EDITORIAL
NWR Issue 86Apparitions
While the mayhem of a busy desk may indicate otherwise, something is starting to take shape. For here, before me, are the first proofs. Ah, proofs! Was there ever a more exacting and inexact definition for it? One thing I learned first to tolerate about this job - and then to love - is the provisional. As little gods we'd style ourselves, us editors. We imagine, we commission. We seek to define, place limits, impose vision. And yet. The deadlines arrive. The magazine is surely and purposefully brought together over the weeks. On the screen, in the grid before us, the words assume their provisional position on the virtual, raw pages. The designer works her magic. The words return, almost - but not quite - fixed. On paper. Proof of some kind. Proofs. And there they wait for us to join them. Our propositions now duly laid to waste, this is where the excitement and vitality of the enterprise truly comes into its own. It has taken me some time but, like most editors, I imagine, I've learned to be in it for the discovery, not the predetermined. Beyond that, what else is there?
Several editions ago,
New Welsh Review dispensed with its themed issues. I'd decided that the time was right for a fresh approach. I was looking to embrace an eclectic and ranging sensibility. And I hope readers have enjoyed these new directions. What proved wholly unexpected to me was how keenly a sense of connectedness has continually asserted itself. Again, I read through an issue and am struck by the insistent thematic patternings, echoes and ghostings (of the welcome kind) in these pages. Synchronicity?
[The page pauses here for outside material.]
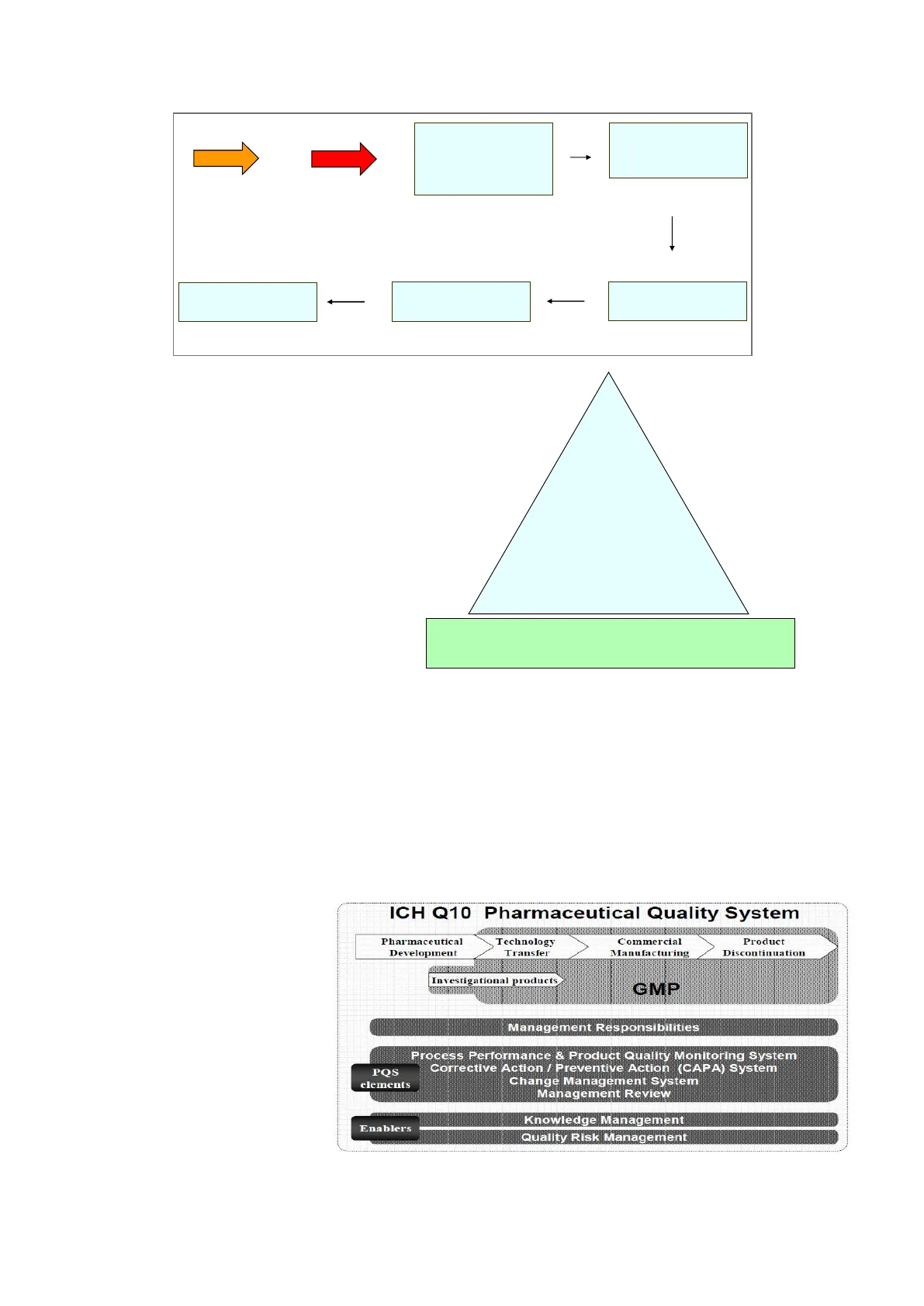 La ICH Q10 richiama il ruolo chiave del TT per il suo porsi tra lo Sviluppo Farmaceutico (dove si crea la conoscenza) o tra il Sito Donor (che già produce in una situazione di controllo) e, passando attraverso la convalida di processo, la produzione per il mercato presso il Sito Ricevente (che deve realizzarsi in una situazione di controllo). In questa linea guida, il TT viene citato all'interno del PQS (Pharmaceutical Quality System). Il PQS copre ICH Q10 Pharmaceutical Quality System l'intero lifecycle di un prodotto, includendo lo sviluppo Pharmaceutical Product Discontinuation Development Technology Transfer Commercial Manufacturing farmaceutico, il technology transfer, la produzione GMP Investigational products commerciale e la sospensione del prodotto. Il PQS incrementa le GMP regionali Management Responsibilities come mostrato nel diagramma, che Process Performance & Product Quality Monitoring System Change Management System Management Review Corrective Action / Preventive Action (CAPA) System mostra anche che le GMP POS elements regionali si applicano alla produzione degli IMPs.

Well, if you believe in that sort of thing. Or the impulse to an order that keeps me - us - clear of the chaos? Almost certainly there must be an element of that somewhere. Or, even, serendipity? Well, I'd like to think as much.
But here, in these proofs, whatever the cause may or may not be, I find its perfect expression. For winter, a
New Welsh Review that's inhabited by apparitions of the figurative and quite literal variety. A collision of the past and the present. A procession of provisionals. An integrity that insists on itself, despite - or, perhaps, indirectly, because of - my careful planning.